Monday, January 11, 2010

Talking the Walk (18)


My Medic-Alert Bracelet

Dear Mental Health Professional:

If you are reading this, I assume it is because I am not in my right mind and someone has directed you to this page. Unless you believe that my long history of mental illness renders my advice useless, I hope you will take a minute or two to read these instructions which I have set down while of sound mind. They are too long to put on a bracelet, but brief nonetheless. They could save us both a lot of time, and grief.

Sedation is likely a good idea. I am sure that before I landed in your emergency ward, my sleep had been dwindling to three, two, one, zero hours a night–possibly for a long time–so that my most pressing health problem is extreme exhaustion. It might even be the principal cause of many of the symptoms confronting you. Let me sleep as much as possible for two or three days. Make no attempt, or as little as possible, to hurry me back into a “normal” routine. I don’t need normalization as much as I need sleep.

When my brain and body have rested a little, ease off on all drugs to take a look at my baseline condition. I have come back spontaneously many times from where you see me; try to get a read on my ability to do so now. If my frame of mind is even halfway reasonable, give me some time–a few days perhaps–to see if I can restabilize on my own. Allow me to spend the time quietly, doing little or nothing, with as little contact with others as your facility will permit. Resist the urge to intervene. It is tough, I know, to feel that “standing by” is legitimate treatment, but it is sometimes the only legitimate treatment.

If you feel you need to begin a course of drugs, do so extremely cautiously. I am a slow metabolizer of drugs, so it is best to start me at a half, a quarter, an eighth of what you are used to thinking of as the normal therapeutic range. Trust me: if the drug you prescribe can benefit me, it will do so at a far lower level than its manufacturer recommends; and if it can harm me, it will do so rapidly even at low doses. I have thirty-five years of drug disasters to attest to this. Start small, and advance in minuscule increments. Continue mild sedation so that my sleep schedule is maintained.

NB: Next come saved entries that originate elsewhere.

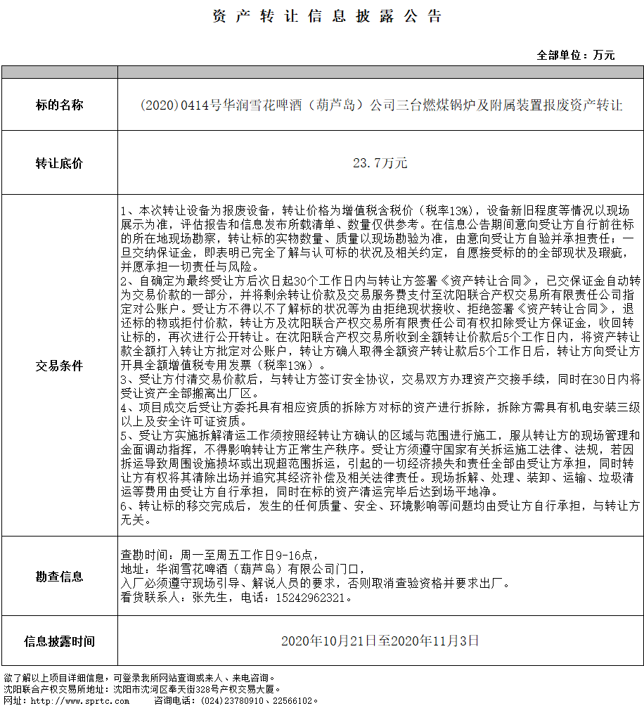 華潤(rùn)雪花啤酒(遼寧)有限公司葫蘆島分公司49項(xiàng)(三臺(tái)燃煤鍋爐及附屬裝置)報(bào)廢資產(chǎn)轉(zhuǎn)讓
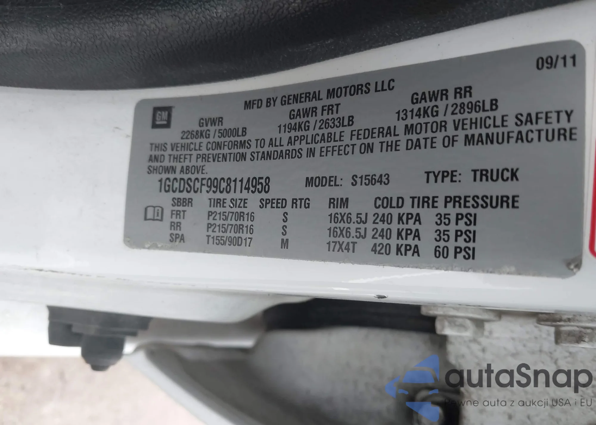 VIN: 1GCDSCF99C8114958
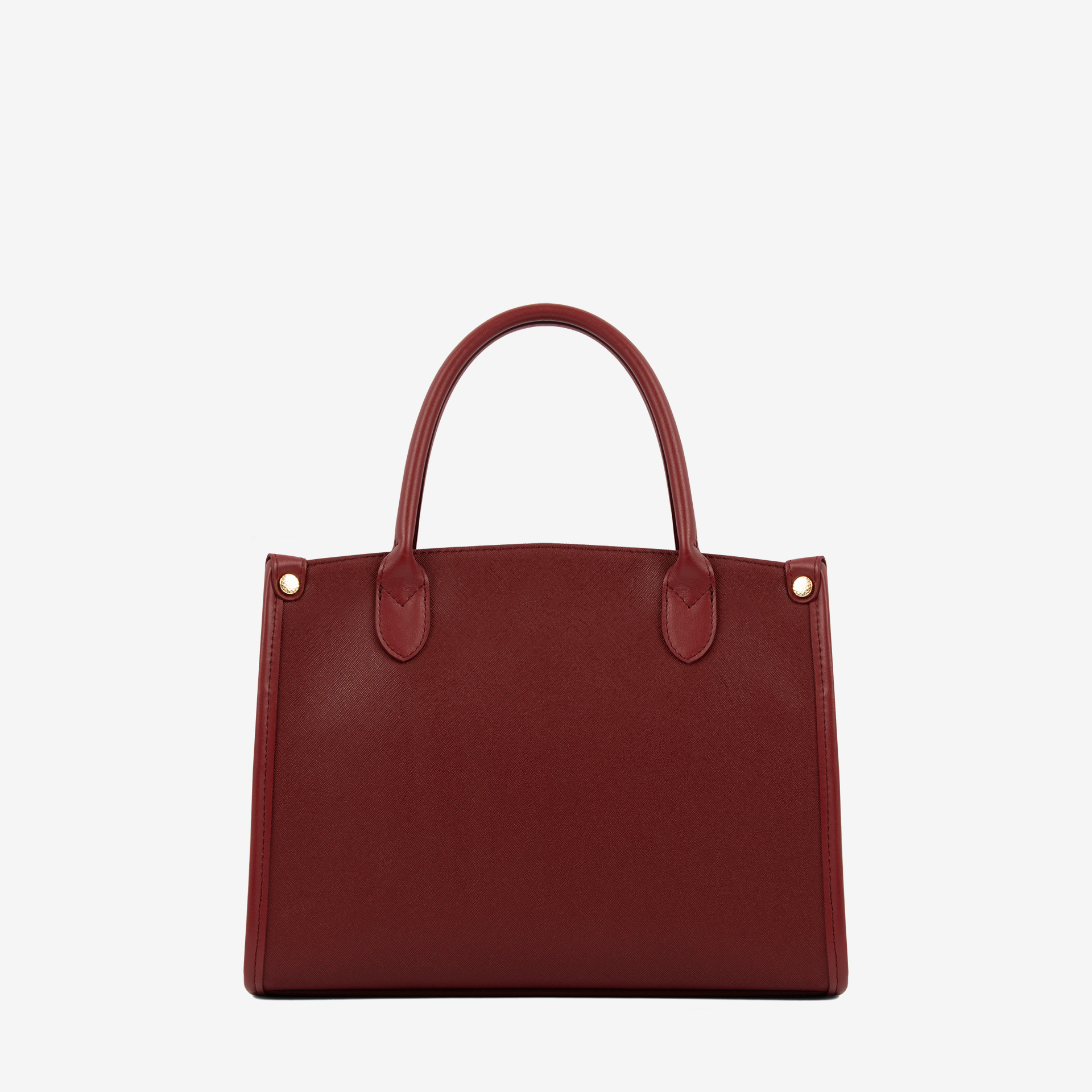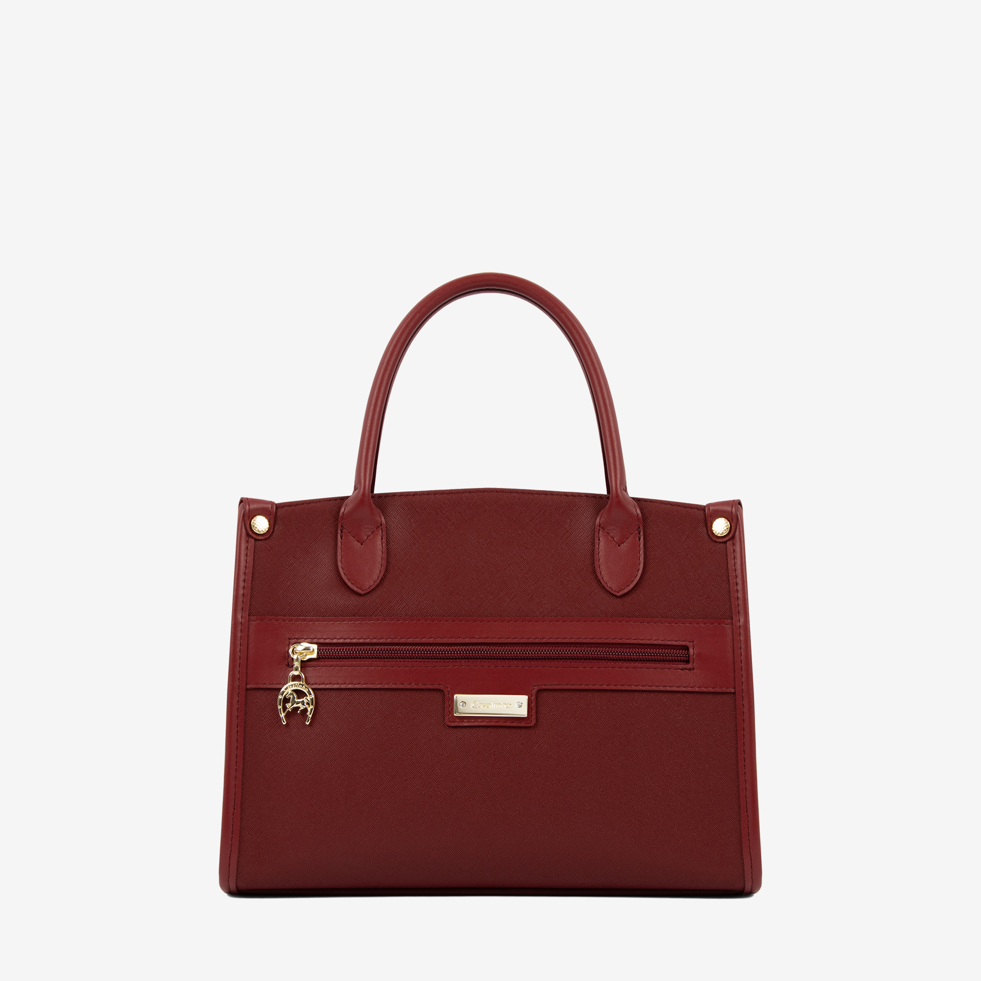Mala média em tela bordô. Asa dupla de mão e alça de tiracolo ajustável e removível. Divisória principal com forro em tecido, dois bolsos pequenos e fecho de correr. Bolso exterior pequeno com fecho de correr na parte da frente da mala. Aplicações douradas.
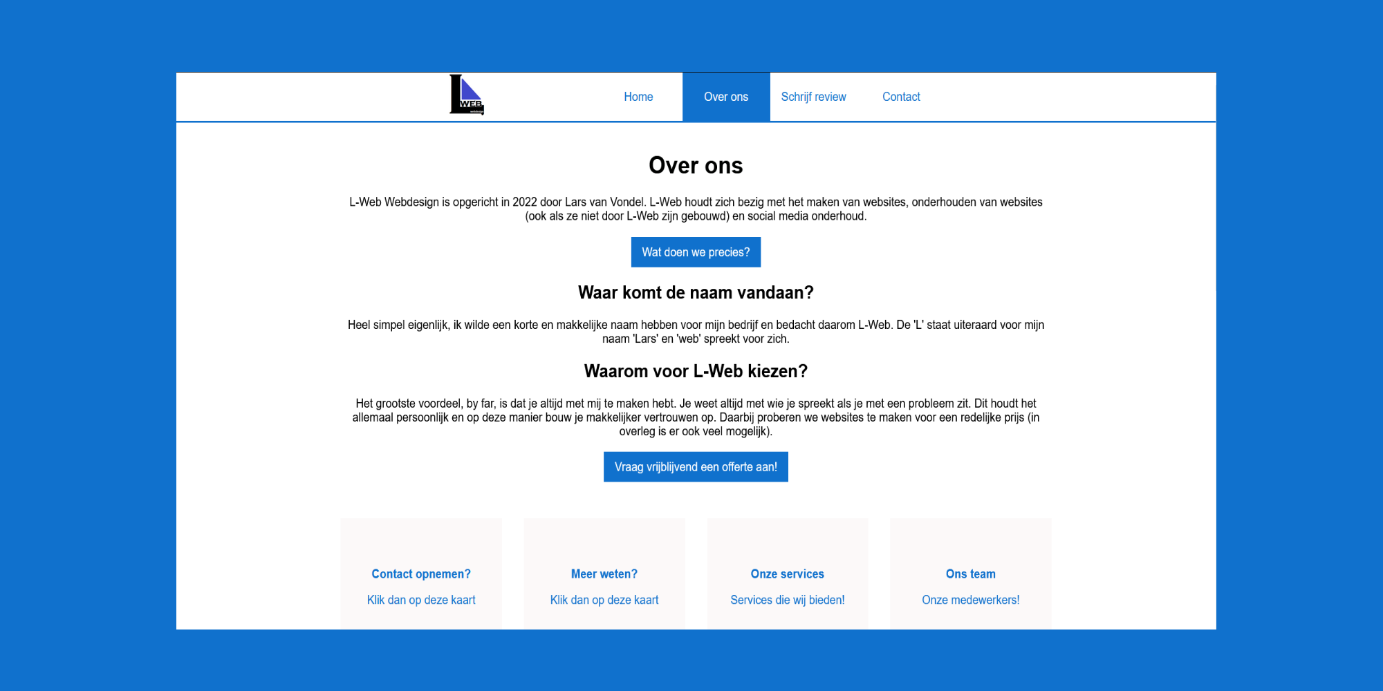 Ben je op zoek naar een betrouwbare en betaalbare website? Dan is L-Web Webdesign misschien wel hét bedrijf voor jou! Wij maken websites, groot en klein voor een betaalbare prijs! Daarnaast leveren we ook nog andere services die misschien wel voor jouw bedrijf interessant zijn!
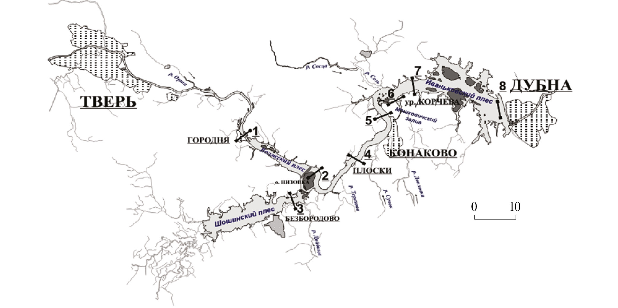 Рис. 1. Схема Иваньковского водохранилища со станциями отбора проб воды, донных отложений и измерений эмиссии метана. 1 – д. Городня, 2 – о-в Низовка, 3 – устье Шошинского плеса, 4 – д. Плоски, 5 – г. Конаково, 6 – устье Мошковического залива, 7 – урочище Корчева, 8 – верхний бъеф Иваньковской ГЭС (Дубна)
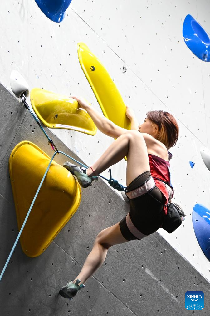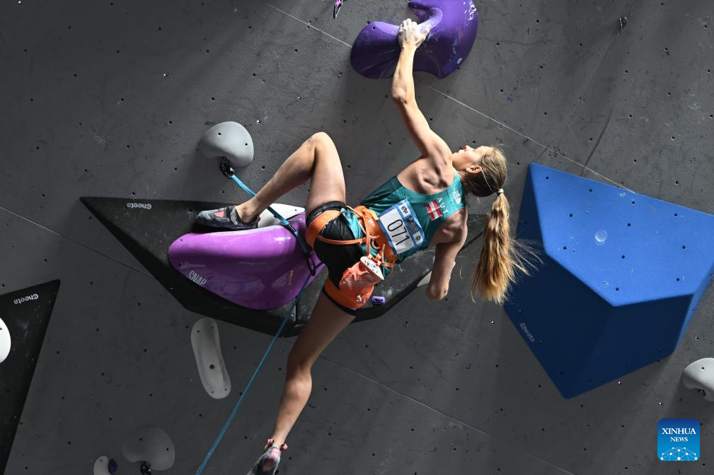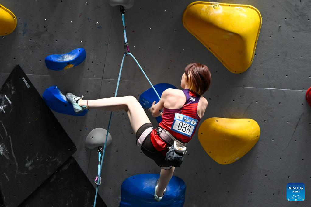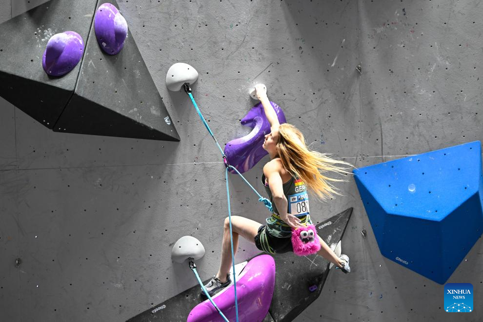 Roxana Wienand of Germany competes during the women's lead qualification at the IFSC World Cup Wujiang 2025 in Suzhou, east China's Jiangsu Province, April 25, 2025. (Photo by Wang Xuzhong/Xinhua)
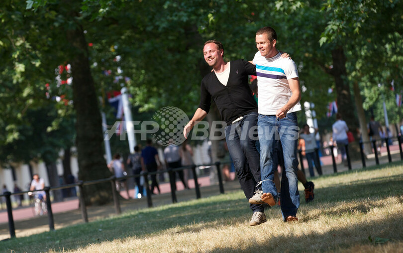 写真は、ロンドン(London)中心部のセントジェームズ・パーク(St James' Park)で二人三脚をして遊ぶ男性たち(2013年7月17日撮影)。(c)AFP/ANDREW COWIE
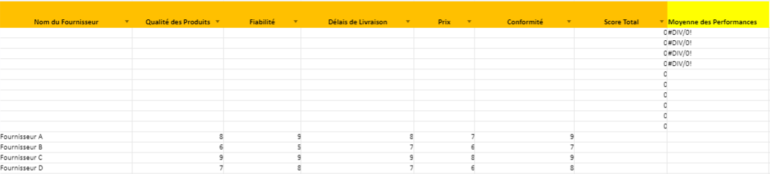 Une fiche d’évaluation ou supplier scorecard est un outil structuré qui permet d’évaluer les fournisseurs selon les KPI définis. Vous attribuez une note à chaque fournisseur sur chaque critère de performance (qualité, coût, délai, etc.).
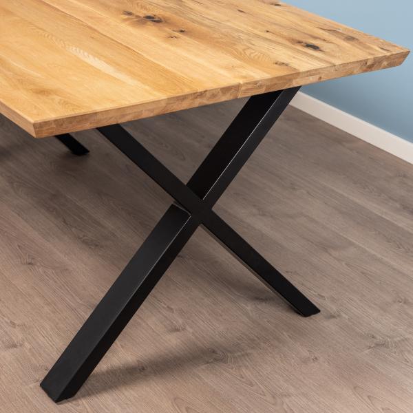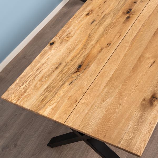 Firenze med krydsben 160x95cm i natur eg og swiss kant. Firenze er et kvalitets spisebord, som er fremstillet i lys eg med to planker.
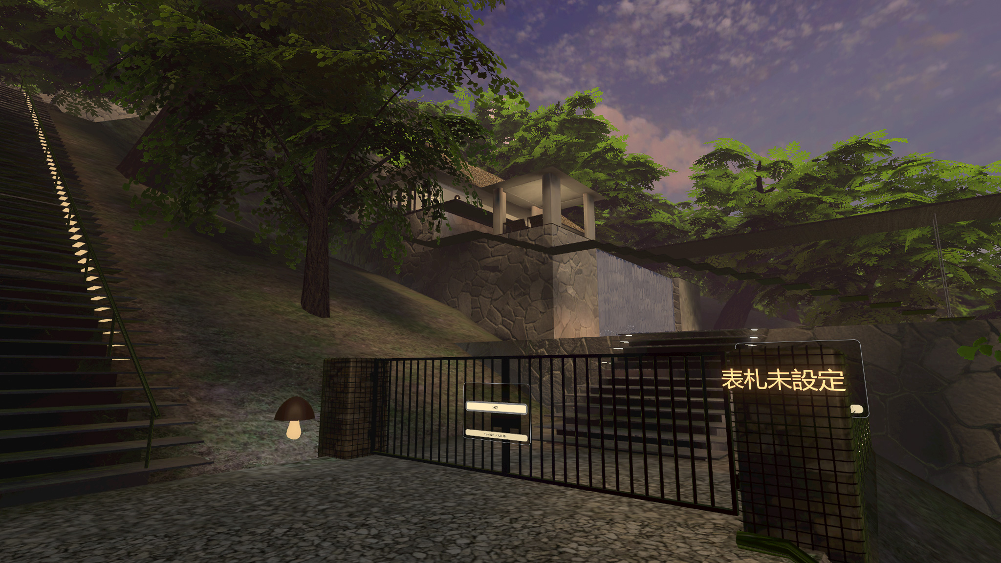 エリア自体は購入者やゲストなら行く事ができるが、家の一軒一軒には購入者が紐づけられているため、他の方の家に入ることはできないようになっている。写真の「表札未設定」の部分には、購入者のネームが表示されるようになるという。
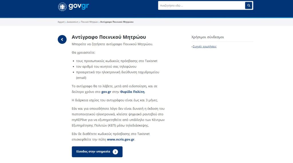 Η διαδικασία είναι ιδιαίτερα απλή. Ειδικότερα, οι πολίτες εισέρχονται στην πλατφόρμα poiniko.services.gov.gr, ταυτοποιούνται με χρήση των κωδικών τους στο Taxisnet και αιτούνται την έκδοση αντιγράφου ποινικού μητρώου, το οποίο θα εκδίδεται ύστερα από λίγες ημέρες. Μόλις το αντίγραφο ποινικού μητρώου είναι έτοιμο, οι ενδιαφερόμενοι θα ειδοποιούνται με SMS ή e-mail, ώστε να το παραλάβουν από τη θυρίδα τους στο gov.gr.

As soon as I am even halfway stabilized, ask me what further course I would recommend. I realize this may be difficult in front of your colleagues; do it in private if it helps. I have been through this many times, and have a wealth of suggestions about what could help and what will definitely not. Seek my advice, and I will be more likely to seek yours. Each of us has information the other needs.

Do not panic. Try especially to avoid the type of panic that calls itself “aggressive treatment.” Remember that the patient in your interview room (or on your examining table if I have hurt myself physically) is the same person who wrote these notes. The note-writer will return faster if you follow the steps above, and the faster he returns, the better the chance that he will remain. He is the best colleague you can hope for.

Trust yourself. Try to trust me. And good luck, for both our sakes.